Problem description: All of the data should be reproduced word for word, though its pictures must be omitted.
=== Recorded data ===
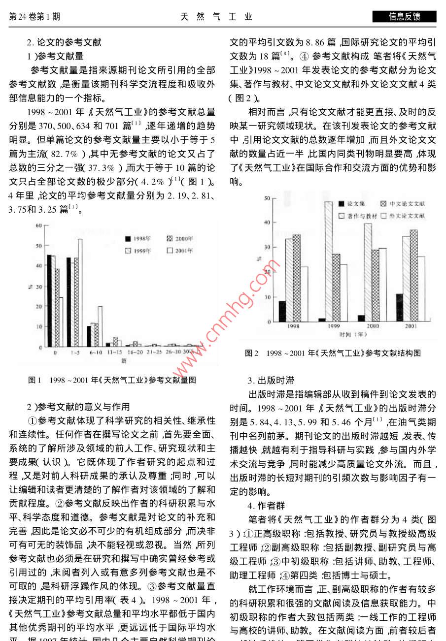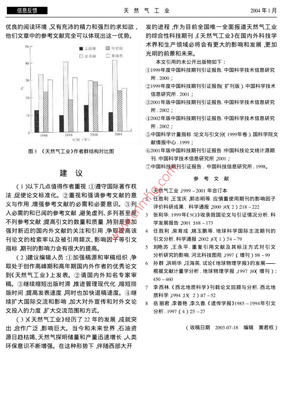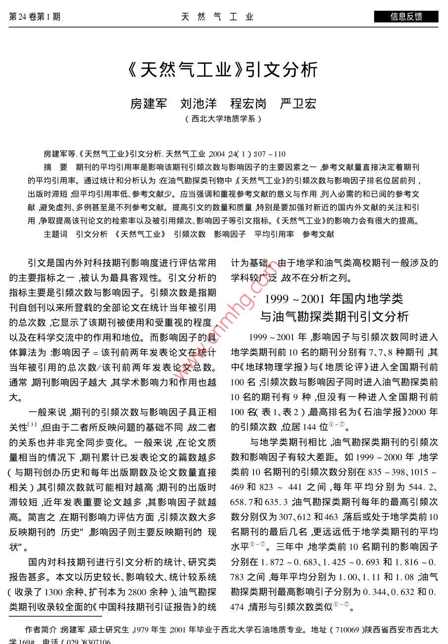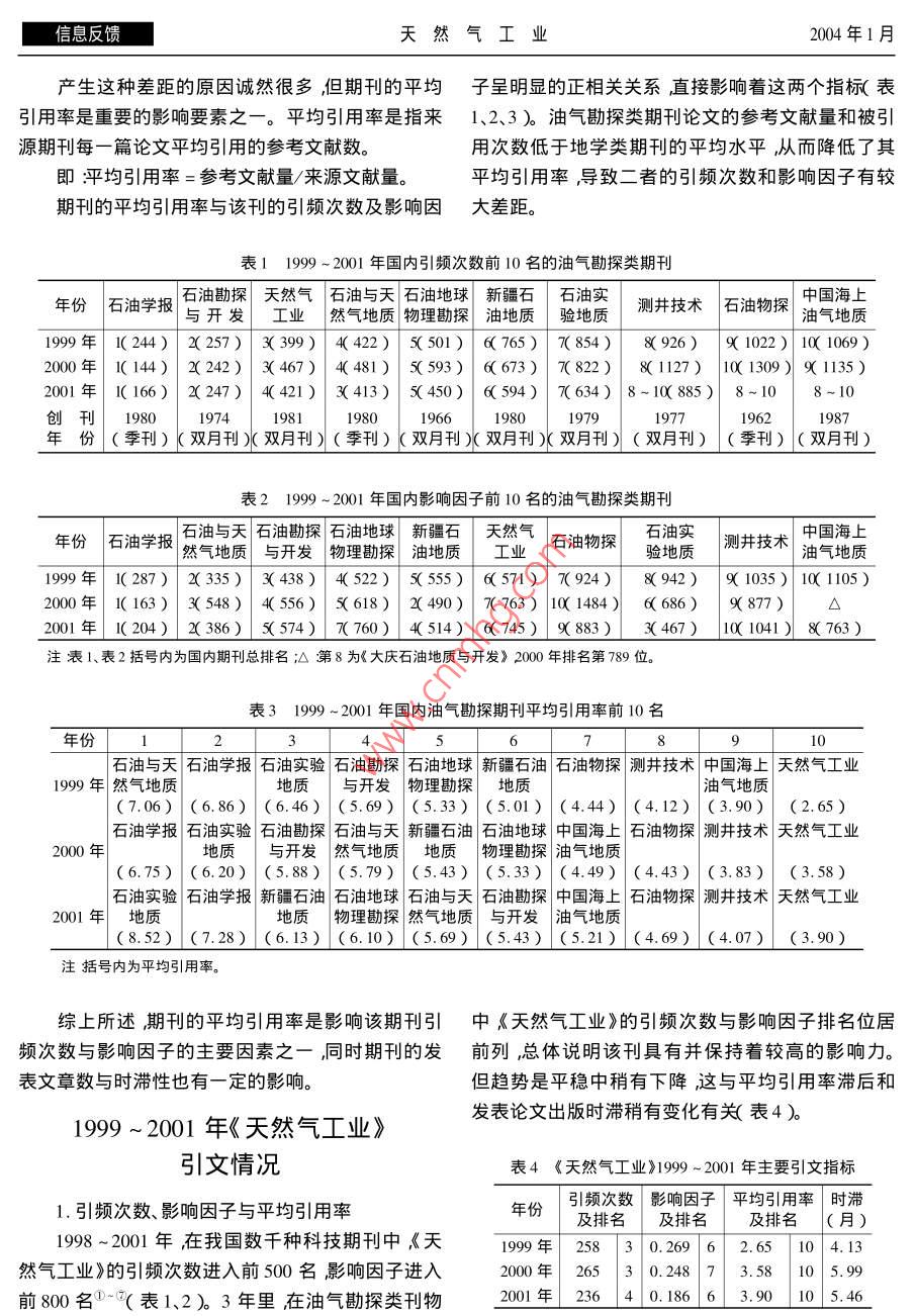 第24卷第1期天然氣工業(yè)信息反饋《天然氣工業(yè)》引文分析房建軍劉池洋程宏崗嚴(yán)衛(wèi)宏(西北大學(xué)地質(zhì)學(xué)系)房建軍等.《天然氣工業(yè)》引文分析.天然氣工業(yè)2004 24( 1 ):107-110摘要期刊的平均引用率是影響該期刊引頻次數(shù)與影響因子的主要因素之一參考文獻(xiàn)量直接決定著期刊的平均引用率。通過(guò)統(tǒng)計(jì)和分析認(rèn)為在油氣勘探類(lèi)刊物中《天然氣工業(yè)》的引頻次數(shù)與影響因子排名位居前列,出版時(shí)滯短;但平均引用率低、參考文獻(xiàn)少。應(yīng)當(dāng)強(qiáng)調(diào)和重視參考文獻(xiàn)的意義與作用列入必需的和已閱的參考文獻(xiàn)避免虛列、多例甚至是不列參考文獻(xiàn)。提高引文的數(shù)量和質(zhì)量特別是要加強(qiáng)對(duì)新近的國(guó)內(nèi)外文獻(xiàn)的關(guān)注和引用爭(zhēng)取提高該刊論文的檢索率以及被引用頻次、影響因子等引文指標(biāo)?!短烊粴夤I(yè)》的影響力會(huì)有很大的提高。主題詞引文分析 《天然氣工業(yè)》 引頻次數(shù)影響因子平均引用率參考文獻(xiàn)引文是國(guó)內(nèi)外對(duì)科技期刊影響度進(jìn)行評(píng)估常用計(jì)為基礎(chǔ)。由于地學(xué)和油氣類(lèi)高校期刊一般涉及的的主要指標(biāo)之一被認(rèn)為最具客觀性。引文分析的學(xué)科較廣泛故不在分析之列。指標(biāo)主要是引頻次數(shù)與影響因子。引頻次數(shù)是指期1999 ~ 2001年國(guó)內(nèi)地學(xué)類(lèi)刊自創(chuàng)刊以來(lái)所登載的全部論文在統(tǒng)計(jì)當(dāng)年被引用的總次數(shù),它顯示了該期刊被使用和受重視的程度,與油氣勘探類(lèi)期刊引文分析以及在科學(xué)交流中的作用和地位。而影響因子的具1999 ~ 2001年,影響因子與引頻次數(shù)同時(shí)進(jìn)入體算法為:影響因子=該刊前兩年發(fā)表論文在統(tǒng)計(jì)地學(xué)類(lèi) 期刊前10名的期刊分別有7、7.8種期刊其當(dāng)年被引用的總次數(shù)/該刊前兩年發(fā)表論文總數(shù)。.中《地球物理學(xué)報(bào)》與《地質(zhì)論評(píng)》進(jìn)入全國(guó)期刊前通常期刊影響因子越大其學(xué)術(shù)影響力和作用也越100 名引頻次數(shù)與影響因子同時(shí)進(jìn)入油氣勘探類(lèi)前大。10名的期刊有9種,但沒(méi)有一種進(jìn)入全國(guó)期刊前一般來(lái)說(shuō)期刊的引頻次數(shù)與影響因子具正相100名( 表1、表2 ) ,最高排名為《石油學(xué)報(bào)》2000年關(guān)性'3)但由于二者所反映問(wèn)題的基礎(chǔ)不同故二者的引頻次數(shù) 位居144位° :。.的關(guān)系也并非完全同步變化。一般來(lái)說(shuō) ,在論文質(zhì)與地學(xué)類(lèi)期刊相比,油氣勘探類(lèi)期刊的引頻次量相當(dāng)?shù)那闆r下期刊累計(jì)已發(fā)表論文的篇數(shù)越多數(shù)和影響因子 有較大差距。如1999 ~2000年地學(xué)(與期刊創(chuàng)辦歷史和每年出版期數(shù)及論文數(shù)量直接類(lèi) 前10名期刊的引頻次數(shù)分別在835 ~ 398、1015 ~相關(guān))其引頻次數(shù)就可能相對(duì)越高;期刊的出版時(shí)469和823~441之間,每年平均分別為544.2、滯較短,近年發(fā)表重要論文越多,其影響因子就越658.7和635.3油氣勘探類(lèi)期刊每年的最高引頻次高。簡(jiǎn)言之在期刊影響力評(píng)估方面引頻次數(shù)大多數(shù)分別僅為 307、612和463落后或處于地學(xué)類(lèi)前10反映期刊的歷史”影響因子則主要反映期刊的現(xiàn)名期刊的最后幾名,更遠(yuǎn)遠(yuǎn)低于地學(xué)類(lèi)期刊的平均狀”。水平0一。三年中地學(xué)類(lèi)前10名期刊的影響因子國(guó)內(nèi)對(duì)科技期刊進(jìn)行引文分析的統(tǒng)計(jì)、研究類(lèi)分別在1. 872 ~0. 683、1. 425 ~0.693和1.816 ~0. .報(bào)告甚多。本文以歷史較長(zhǎng)、影響較大、統(tǒng)計(jì)較系統(tǒng)783之間每年平均分別為1.00、1.11和1.08油氣(收錄了1300余種、擴(kuò)刊本為2800余種)油氣勘探勘探類(lèi)期刊最高影響引子分別為0.344、0.632和0.類(lèi)期刊收錄較全面的《中國(guó)科技期刊引證報(bào)告》的統(tǒng)474情形與引頻次數(shù)類(lèi)似①-⑦。作者簡(jiǎn)介:房建軍碩士研究生,1979 年生2001 年畢業(yè)于西北大學(xué)石油地質(zhì)專(zhuān)業(yè)。地址( 710069 )陜西省西安市西北大學(xué)160#1由話( 009 8307 106信息反饋天然氣工業(yè)2004年1月產(chǎn)生這種差距的原因誠(chéng)然很多,但期刊的平均子呈明顯的正相關(guān)關(guān)系,直接影響著這兩個(gè)指標(biāo)(表引用率是重要的影響要素之一。平均引用率是指來(lái)1、2、3 )。油氣勘探類(lèi)期刊論文的參考文獻(xiàn)量和被引源期刊每一篇論文平均引用的參考文獻(xiàn)數(shù)。用次數(shù)低于地學(xué)類(lèi)期刊的平均水平,從而降低了其即:平均引用率=參考文獻(xiàn)量/來(lái)源文獻(xiàn)量。平均引用率,導(dǎo)致二者的引頻次數(shù)和影響因子有較期刊的平均引用率與該刊的引頻次數(shù)及影響因大差距。表1 1999 ~ 2001年國(guó)內(nèi)引頻次數(shù)前10名的油氣勘探類(lèi)期刊石油勘探天然氣石油與天石油地球新疆石|石油實(shí)中國(guó)海上年份| 石油學(xué)報(bào)|與開(kāi)發(fā)工業(yè)然氣地質(zhì)|物理勘探油地質(zhì)驗(yàn)地質(zhì)測(cè)井技術(shù)石油物探油氣地
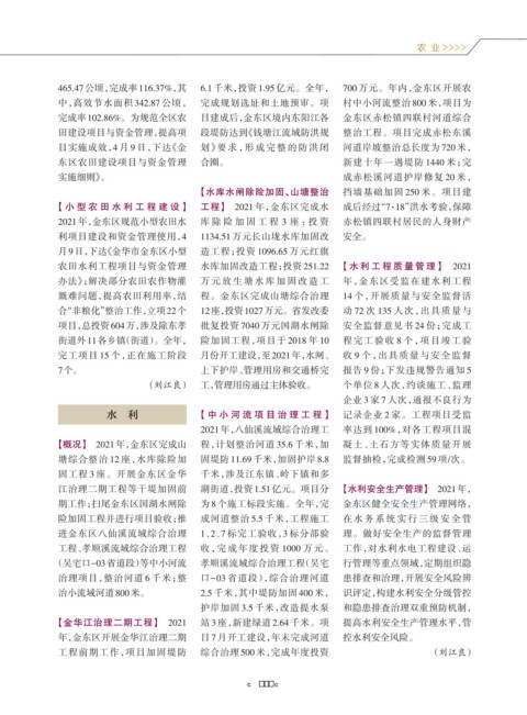 【小 型 农 田 水 利 工 程 建 设】 工程】 2021 年,金东区完成水 成后经过“7·18”洪水考验,保障
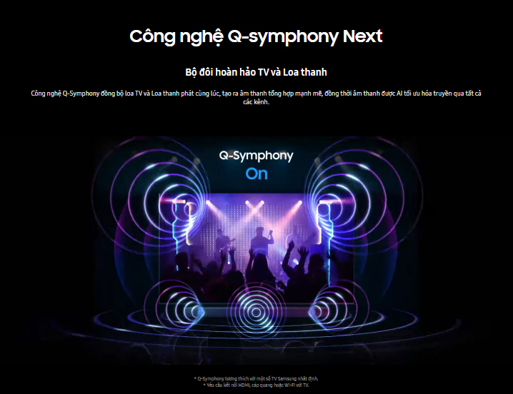 Q-Symphony cho phép loa thanh và loa TV phát đồng thời, tạo ra âm thanh mạnh mẽ và đồng nhất. Công nghệ AI tối ưu âm thanh qua tất cả các kênh, mang lại trải nghiệm nghe bùng nổ, lý tưởng cho phim ảnh, thể thao và âm nhạc.
===
Response box:
 第24卷第1期天然氣工業(yè)信息反饋《天然氣工業(yè)》引文分析房建軍劉池洋程宏崗嚴(yán)衛(wèi)宏(西北大學(xué)地質(zhì)學(xué)系)房建軍等.《天然氣工業(yè)》引文分析.天然氣工業(yè)2004 24( 1 ):107-110摘要期刊的平均引用率是影響該期刊引頻次數(shù)與影響因子的主要因素之一參考文獻(xiàn)量直接決定著期刊的平均引用率。通過(guò)統(tǒng)計(jì)和分析認(rèn)為在油氣勘探類(lèi)刊物中《天然氣工業(yè)》的引頻次數(shù)與影響因子排名位居前列,出版時(shí)滯短;但平均引用率低、參考文獻(xiàn)少。應(yīng)當(dāng)強(qiáng)調(diào)和重視參考文獻(xiàn)的意義與作用列入必需的和已閱的參考文獻(xiàn)避免虛列、多例甚至是不列參考文獻(xiàn)。提高引文的數(shù)量和質(zhì)量特別是要加強(qiáng)對(duì)新近的國(guó)內(nèi)外文獻(xiàn)的關(guān)注和引用爭(zhēng)取提高該刊論文的檢索率以及被引用頻次、影響因子等引文指標(biāo)?!短烊粴夤I(yè)》的影響力會(huì)有很大的提高。主題詞引文分析 《天然氣工業(yè)》 引頻次數(shù)影響因子平均引用率參考文獻(xiàn)引文是國(guó)內(nèi)外對(duì)科技期刊影響度進(jìn)行評(píng)估常用計(jì)為基礎(chǔ)。由于地學(xué)和油氣類(lèi)高校期刊一般涉及的的主要指標(biāo)之一被認(rèn)為最具客觀性。引文分析的學(xué)科較廣泛故不在分析之列。指標(biāo)主要是引頻次數(shù)與影響因子。引頻次數(shù)是指期1999 ~ 2001年國(guó)內(nèi)地學(xué)類(lèi)刊自創(chuàng)刊以來(lái)所登載的全部論文在統(tǒng)計(jì)當(dāng)年被引用的總次數(shù),它顯示了該期刊被使用和受重視的程度,與油氣勘探類(lèi)期刊引文分析以及在科學(xué)交流中的作用和地位。而影響因子的具1999 ~ 2001年,影響因子與引頻次數(shù)同時(shí)進(jìn)入體算法為:影響因子=該刊前兩年發(fā)表論文在統(tǒng)計(jì)地學(xué)類(lèi) 期刊前10名的期刊分別有7、7.8種期刊其當(dāng)年被引用的總次數(shù)/該刊前兩年發(fā)表論文總數(shù)。.中《地球物理學(xué)報(bào)》與《地質(zhì)論評(píng)》進(jìn)入全國(guó)期刊前通常期刊影響因子越大其學(xué)術(shù)影響力和作用也越100 名引頻次數(shù)與影響因子同時(shí)進(jìn)入油氣勘探類(lèi)前大。10名的期刊有9種,但沒(méi)有一種進(jìn)入全國(guó)期刊前一般來(lái)說(shuō)期刊的引頻次數(shù)與影響因子具正相100名( 表1、表2 ) ,最高排名為《石油學(xué)報(bào)》2000年關(guān)性'3)但由于二者所反映問(wèn)題的基礎(chǔ)不同故二者的引頻次數(shù) 位居144位° :。.的關(guān)系也并非完全同步變化。一般來(lái)說(shuō) ,在論文質(zhì)與地學(xué)類(lèi)期刊相比,油氣勘探類(lèi)期刊的引頻次量相當(dāng)?shù)那闆r下期刊累計(jì)已發(fā)表論文的篇數(shù)越多數(shù)和影響因子 有較大差距。如1999 ~2000年地學(xué)(與期刊創(chuàng)辦歷史和每年出版期數(shù)及論文數(shù)量直接類(lèi) 前10名期刊的引頻次數(shù)分別在835 ~ 398、1015 ~相關(guān))其引頻次數(shù)就可能相對(duì)越高;期刊的出版時(shí)469和823~441之間,每年平均分別為544.2、滯較短,近年發(fā)表重要論文越多,其影響因子就越658.7和635.3油氣勘探類(lèi)期刊每年的最高引頻次高。簡(jiǎn)言之在期刊影響力評(píng)估方面引頻次數(shù)大多數(shù)分別僅為 307、612和463落后或處于地學(xué)類(lèi)前10反映期刊的歷史”影響因子則主要反映期刊的現(xiàn)名期刊的最后幾名,更遠(yuǎn)遠(yuǎn)低于地學(xué)類(lèi)期刊的平均狀”。水平0一。三年中地學(xué)類(lèi)前10名期刊的影響因子國(guó)內(nèi)對(duì)科技期刊進(jìn)行引文分析的統(tǒng)計(jì)、研究類(lèi)分別在1. 872 ~0. 683、1. 425 ~0.693和1.816 ~0. .報(bào)告甚多。本文以歷史較長(zhǎng)、影響較大、統(tǒng)計(jì)較系統(tǒng)783之間每年平均分別為1.00、1.11和1.08油氣(收錄了1300余種、擴(kuò)刊本為2800余種)油氣勘探勘探類(lèi)期刊最高影響引子分別為0.344、0.632和0.類(lèi)期刊收錄較全面的《中國(guó)科技期刊引證報(bào)告》的統(tǒng)474情形與引頻次數(shù)類(lèi)似①-⑦。作者簡(jiǎn)介:房建軍碩士研究生,1979 年生2001 年畢業(yè)于西北大學(xué)石油地質(zhì)專(zhuān)業(yè)。地址( 710069 )陜西省西安市西北大學(xué)160#1由話( 009 8307 106信息反饋天然氣工業(yè)2004年1月產(chǎn)生這種差距的原因誠(chéng)然很多,但期刊的平均子呈明顯的正相關(guān)關(guān)系,直接影響著這兩個(gè)指標(biāo)(表引用率是重要的影響要素之一。平均引用率是指來(lái)1、2、3 )。油氣勘探類(lèi)期刊論文的參考文獻(xiàn)量和被引源期刊每一篇論文平均引用的參考文獻(xiàn)數(shù)。用次數(shù)低于地學(xué)類(lèi)期刊的平均水平,從而降低了其即:平均引用率=參考文獻(xiàn)量/來(lái)源文獻(xiàn)量。平均引用率,導(dǎo)致二者的引頻次數(shù)和影響因子有較期刊的平均引用率與該刊的引頻次數(shù)及影響因大差距。表1 1999 ~ 2001年國(guó)內(nèi)引頻次數(shù)前10名的油氣勘探類(lèi)期刊石油勘探天然氣石油與天石油地球新疆石|石油實(shí)中國(guó)海上年份| 石油學(xué)報(bào)|與開(kāi)發(fā)工業(yè)然氣地質(zhì)|物理勘探油地質(zhì)驗(yàn)地質(zhì)測(cè)井技術(shù)石油物探油氣地
 【小 型 农 田 水 利 工 程 建 设】 工程】 2021 年,金东区完成水 成后经过“7·18”洪水考验,保障
 Q-Symphony cho phép loa thanh và loa TV phát đồng thời, tạo ra âm thanh mạnh mẽ và đồng nhất. Công nghệ AI tối ưu âm thanh qua tất cả các kênh, mang lại trải nghiệm nghe bùng nổ, lý tưởng cho phim ảnh, thể thao và âm nhạc.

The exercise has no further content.